Aim of the task: Print the lines below from the line with "Founded in 2014, Interview" to the line with "28日开始出售春节期间的火车" exactly, keeping both ends, and print no pictures.

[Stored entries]
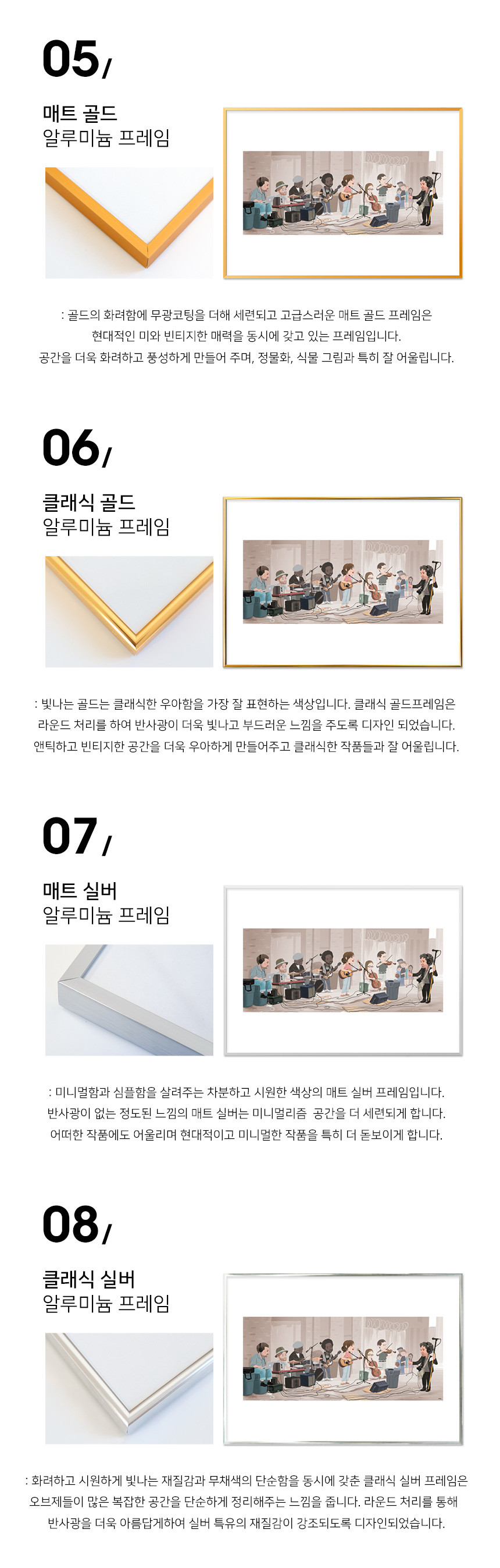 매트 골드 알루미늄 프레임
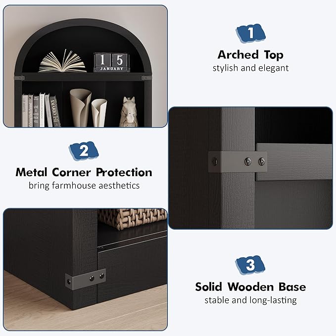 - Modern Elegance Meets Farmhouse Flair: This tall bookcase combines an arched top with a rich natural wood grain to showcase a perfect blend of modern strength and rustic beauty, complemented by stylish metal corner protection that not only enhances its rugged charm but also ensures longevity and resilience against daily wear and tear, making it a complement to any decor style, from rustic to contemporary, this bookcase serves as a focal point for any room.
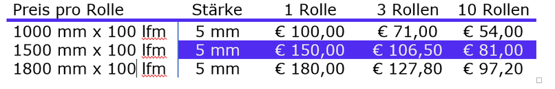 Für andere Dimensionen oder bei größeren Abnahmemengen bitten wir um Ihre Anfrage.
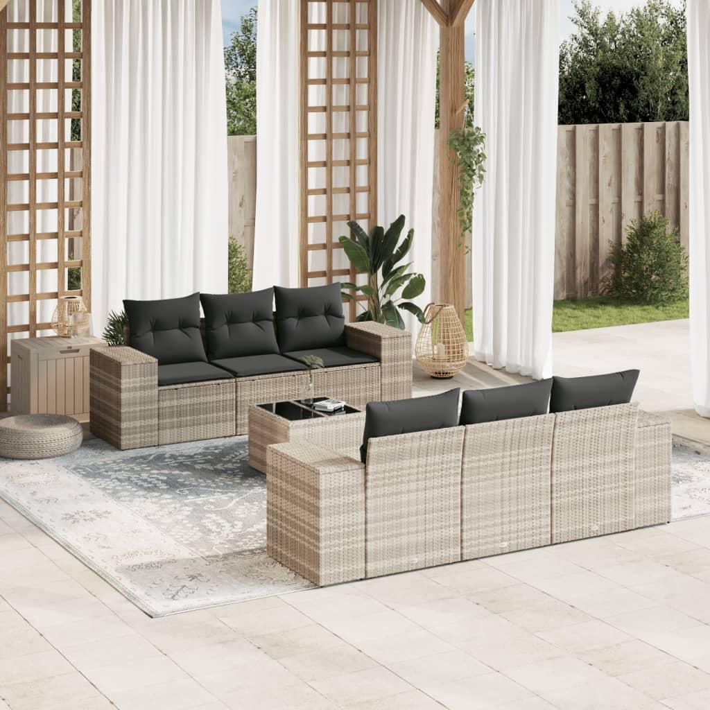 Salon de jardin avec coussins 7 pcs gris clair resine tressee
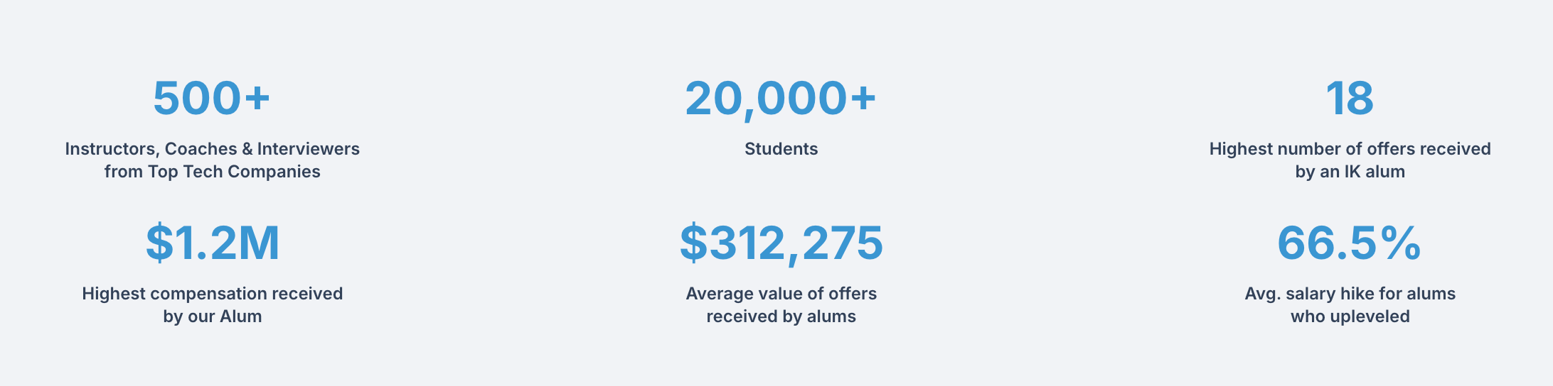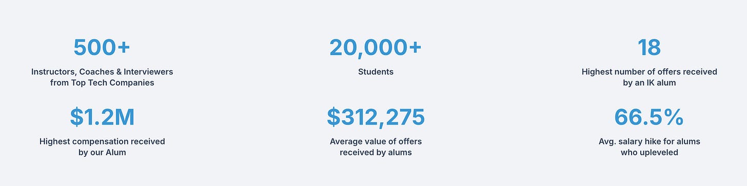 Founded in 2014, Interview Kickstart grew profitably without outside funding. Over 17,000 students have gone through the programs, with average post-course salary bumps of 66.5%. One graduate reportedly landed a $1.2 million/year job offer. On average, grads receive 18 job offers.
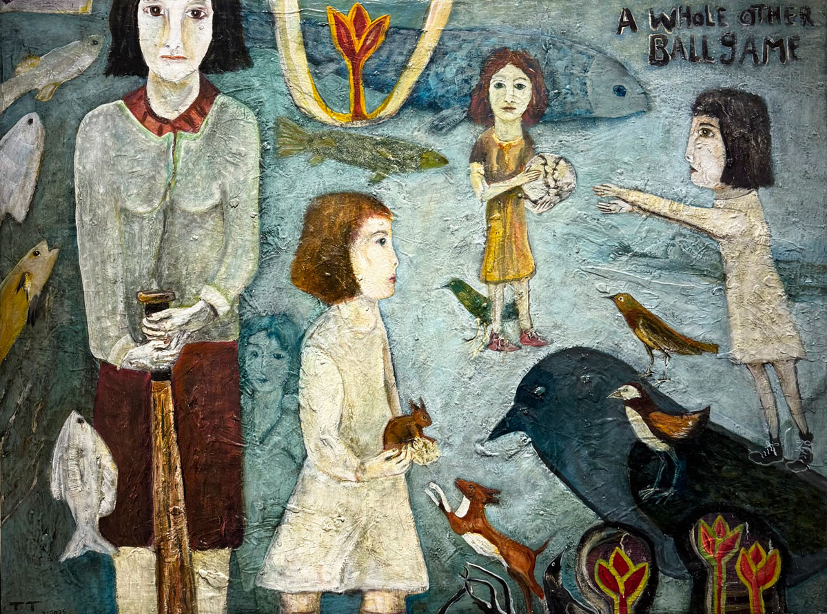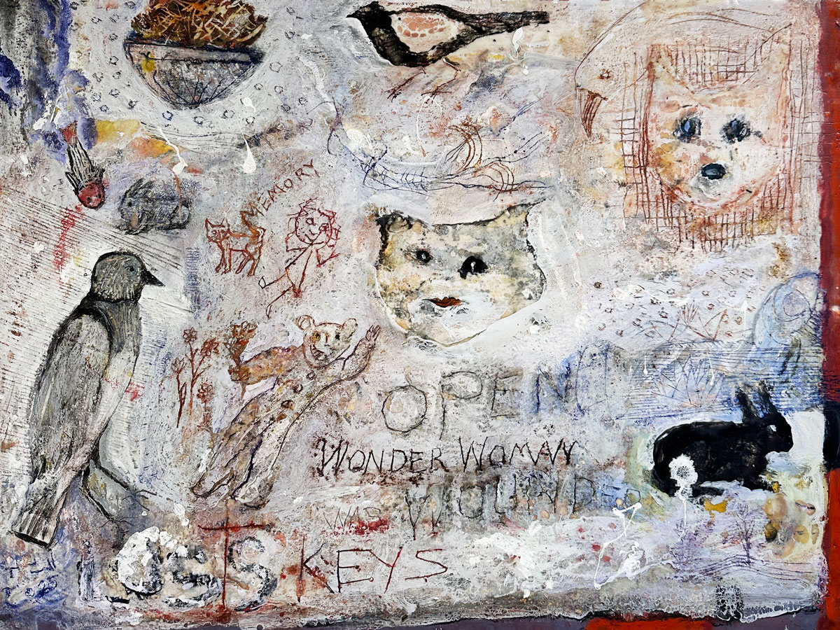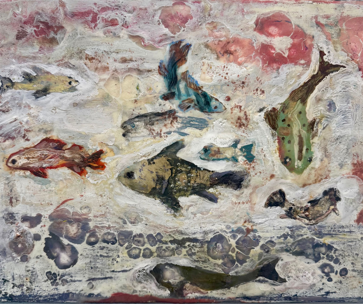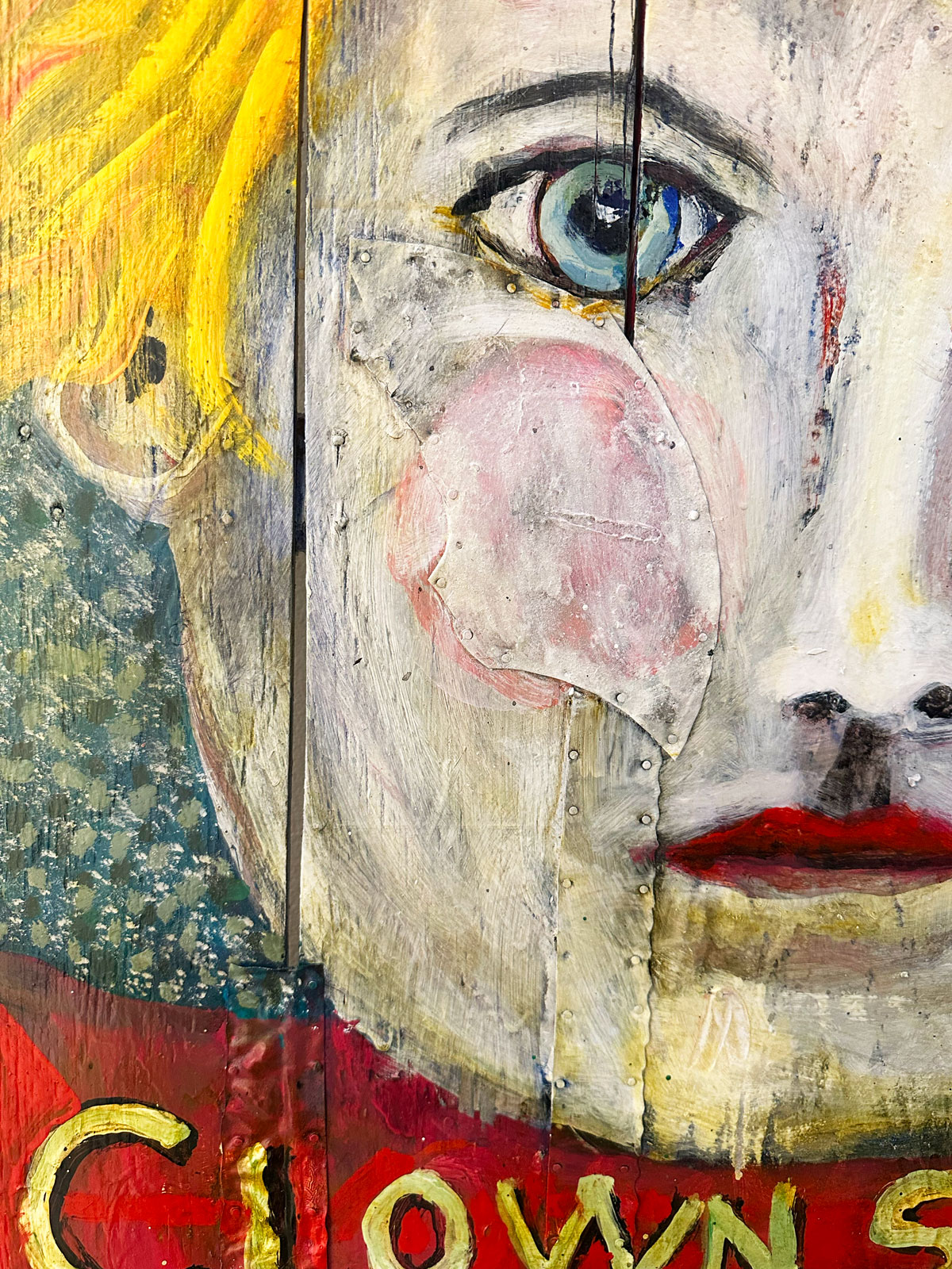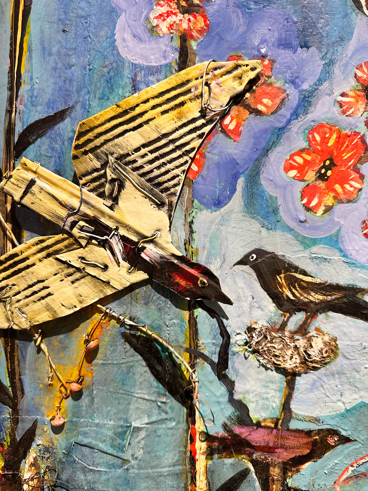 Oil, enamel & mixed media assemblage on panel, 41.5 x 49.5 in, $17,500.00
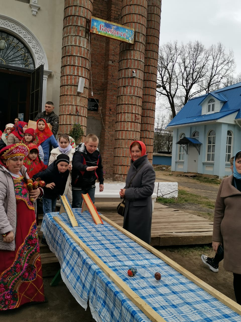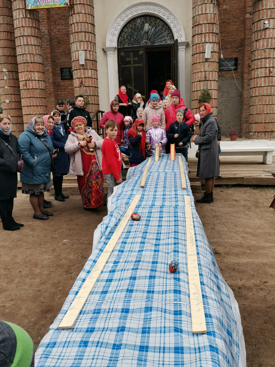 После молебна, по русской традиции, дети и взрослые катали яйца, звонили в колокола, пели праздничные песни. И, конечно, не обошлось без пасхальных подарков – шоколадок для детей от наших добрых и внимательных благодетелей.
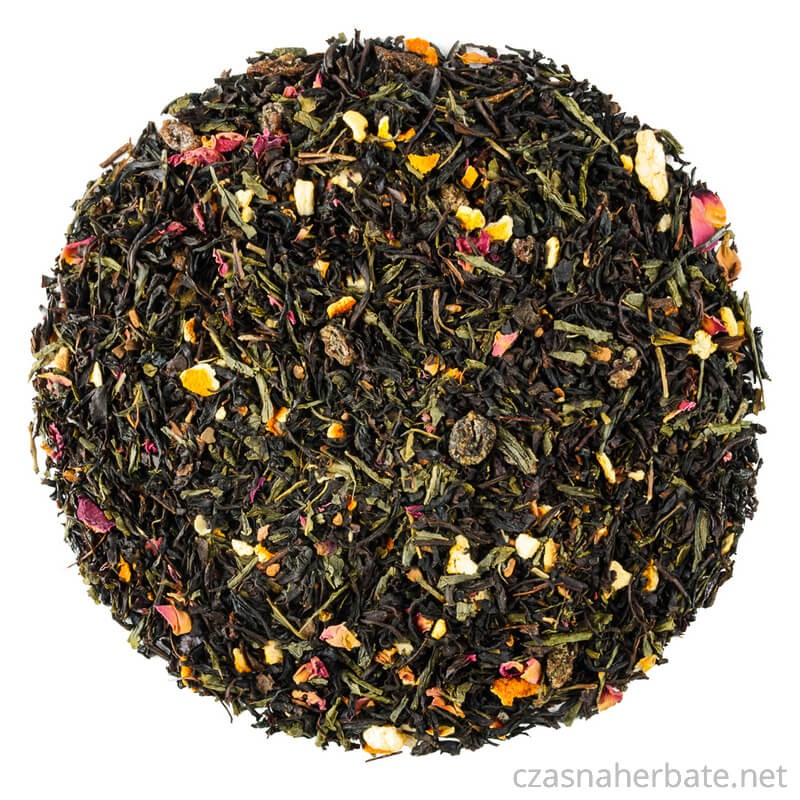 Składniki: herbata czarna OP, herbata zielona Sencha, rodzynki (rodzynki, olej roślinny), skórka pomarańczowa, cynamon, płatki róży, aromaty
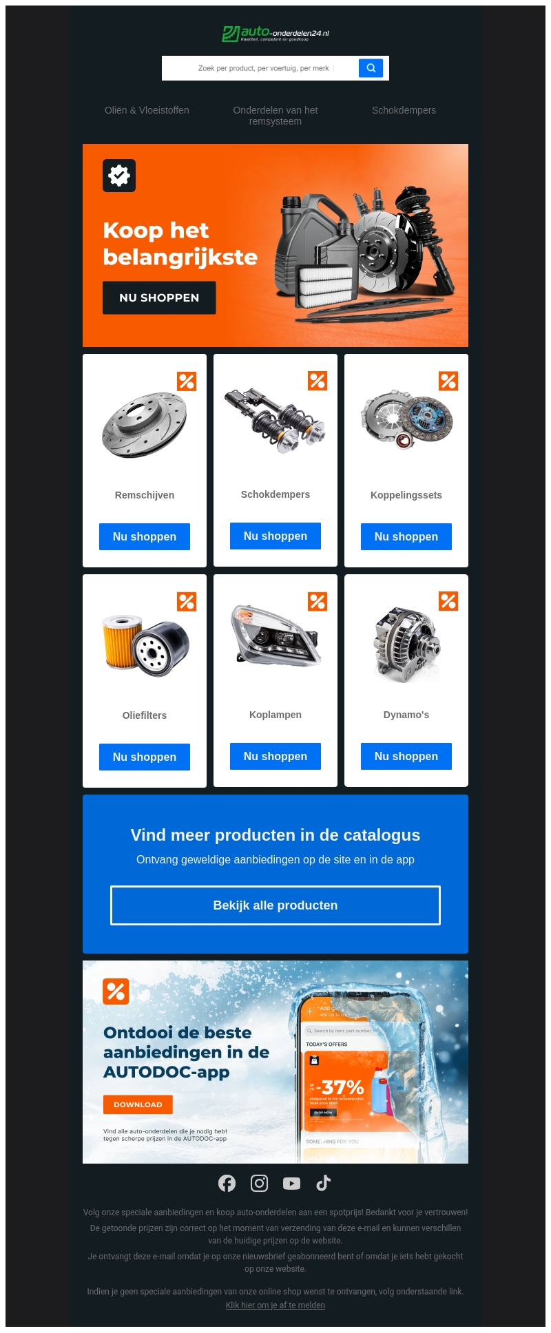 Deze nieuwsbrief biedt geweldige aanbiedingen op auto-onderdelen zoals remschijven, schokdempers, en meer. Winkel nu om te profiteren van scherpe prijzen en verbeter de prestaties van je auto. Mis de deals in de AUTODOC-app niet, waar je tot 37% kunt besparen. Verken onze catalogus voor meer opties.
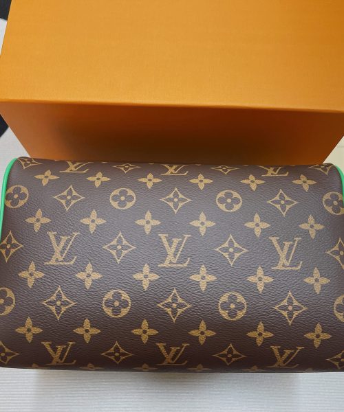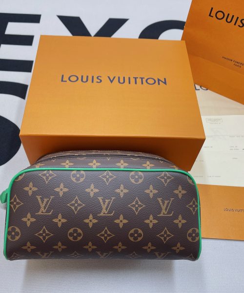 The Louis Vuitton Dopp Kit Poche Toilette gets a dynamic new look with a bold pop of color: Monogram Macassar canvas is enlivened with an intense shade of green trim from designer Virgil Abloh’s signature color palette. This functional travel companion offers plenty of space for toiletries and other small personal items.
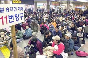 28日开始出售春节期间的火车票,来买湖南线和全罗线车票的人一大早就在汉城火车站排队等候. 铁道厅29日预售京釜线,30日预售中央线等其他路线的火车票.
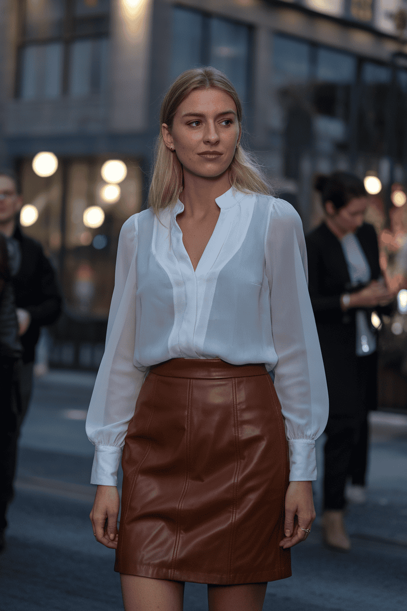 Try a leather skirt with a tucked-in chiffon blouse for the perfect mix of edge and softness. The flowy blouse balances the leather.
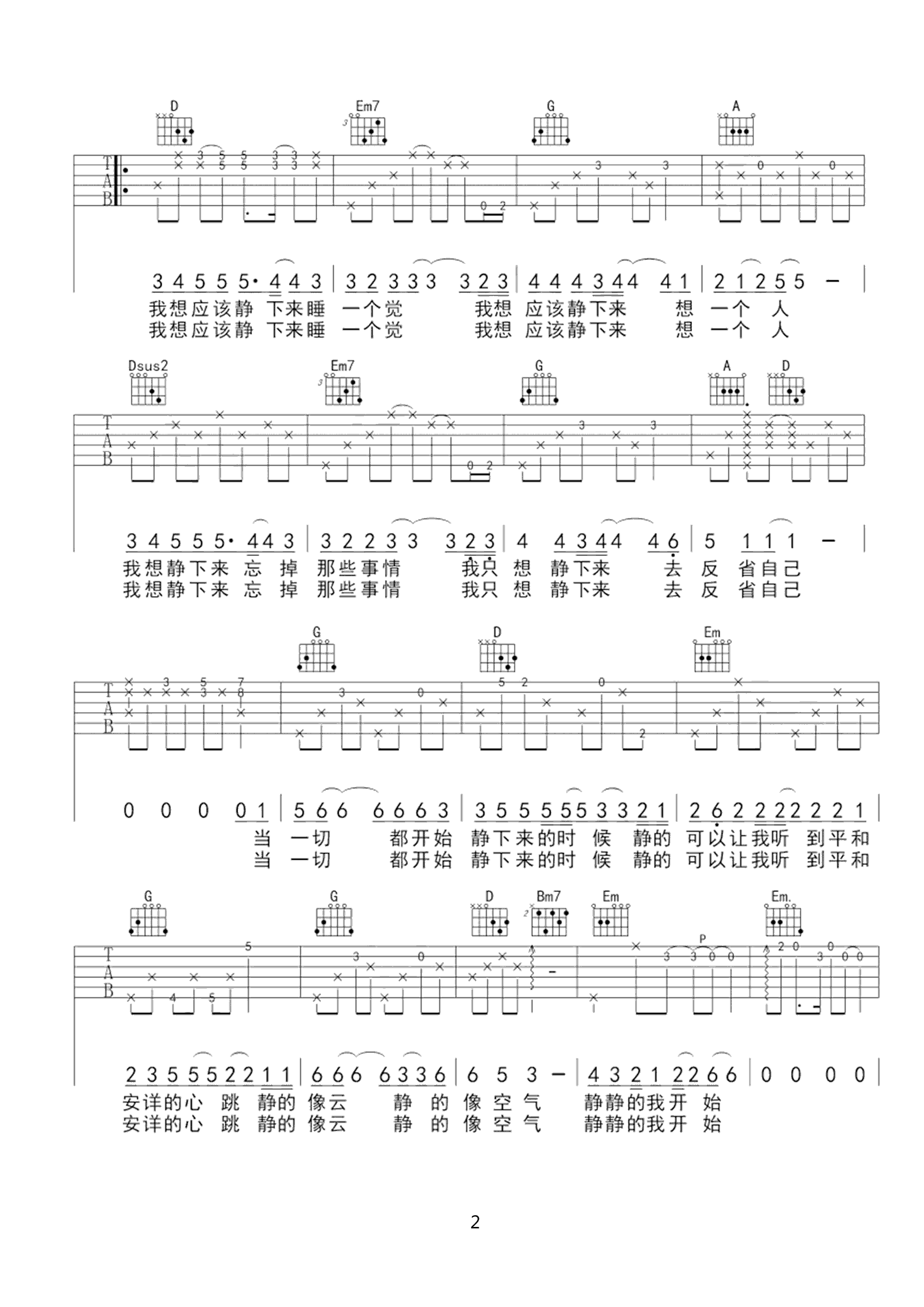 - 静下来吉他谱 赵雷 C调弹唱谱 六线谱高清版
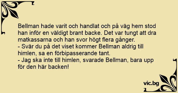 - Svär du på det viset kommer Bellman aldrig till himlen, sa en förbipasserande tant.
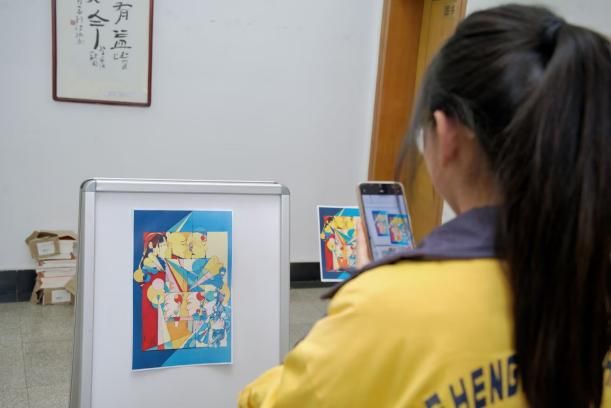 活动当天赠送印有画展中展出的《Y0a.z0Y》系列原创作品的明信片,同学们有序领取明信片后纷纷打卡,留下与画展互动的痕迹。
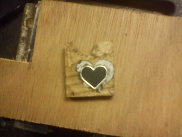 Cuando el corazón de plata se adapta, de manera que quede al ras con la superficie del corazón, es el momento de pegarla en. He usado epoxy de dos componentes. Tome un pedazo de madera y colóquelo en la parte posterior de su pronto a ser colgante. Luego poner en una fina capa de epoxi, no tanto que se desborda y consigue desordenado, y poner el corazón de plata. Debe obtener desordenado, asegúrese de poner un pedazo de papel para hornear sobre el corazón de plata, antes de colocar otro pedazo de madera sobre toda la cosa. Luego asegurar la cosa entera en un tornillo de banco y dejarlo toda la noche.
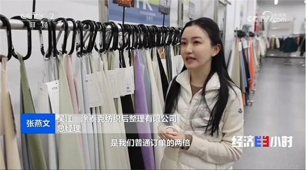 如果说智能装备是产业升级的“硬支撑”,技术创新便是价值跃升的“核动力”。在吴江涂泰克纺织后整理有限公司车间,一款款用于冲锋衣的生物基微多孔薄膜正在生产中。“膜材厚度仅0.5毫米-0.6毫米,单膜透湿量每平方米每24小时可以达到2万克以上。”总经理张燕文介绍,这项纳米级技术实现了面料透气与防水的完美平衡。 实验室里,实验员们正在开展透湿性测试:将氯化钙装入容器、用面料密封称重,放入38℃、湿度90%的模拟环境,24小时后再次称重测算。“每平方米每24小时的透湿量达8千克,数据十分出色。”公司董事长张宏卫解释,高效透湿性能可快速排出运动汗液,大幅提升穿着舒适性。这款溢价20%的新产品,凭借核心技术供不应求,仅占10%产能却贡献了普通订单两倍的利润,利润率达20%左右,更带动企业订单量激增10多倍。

Exercise response:
 Founded in 2014, Interview Kickstart grew profitably without outside funding. Over 17,000 students have gone through the programs, with average post-course salary bumps of 66.5%. One graduate reportedly landed a $1.2 million/year job offer. On average, grads receive 18 job offers.
 Oil, enamel & mixed media assemblage on panel, 41.5 x 49.5 in, $17,500.00
 После молебна, по русской традиции, дети и взрослые катали яйца, звонили в колокола, пели праздничные песни. И, конечно, не обошлось без пасхальных подарков – шоколадок для детей от наших добрых и внимательных благодетелей.
 Składniki: herbata czarna OP, herbata zielona Sencha, rodzynki (rodzynki, olej roślinny), skórka pomarańczowa, cynamon, płatki róży, aromaty
 Deze nieuwsbrief biedt geweldige aanbiedingen op auto-onderdelen zoals remschijven, schokdempers, en meer. Winkel nu om te profiteren van scherpe prijzen en verbeter de prestaties van je auto. Mis de deals in de AUTODOC-app niet, waar je tot 37% kunt besparen. Verken onze catalogus voor meer opties.
 The Louis Vuitton Dopp Kit Poche Toilette gets a dynamic new look with a bold pop of color: Monogram Macassar canvas is enlivened with an intense shade of green trim from designer Virgil Abloh’s signature color palette. This functional travel companion offers plenty of space for toiletries and other small personal items.
 28日开始出售春节期间的火车票,来买湖南线和全罗线车票的人一大早就在汉城火车站排队等候. 铁道厅29日预售京釜线,30日预售中央线等其他路线的火车票.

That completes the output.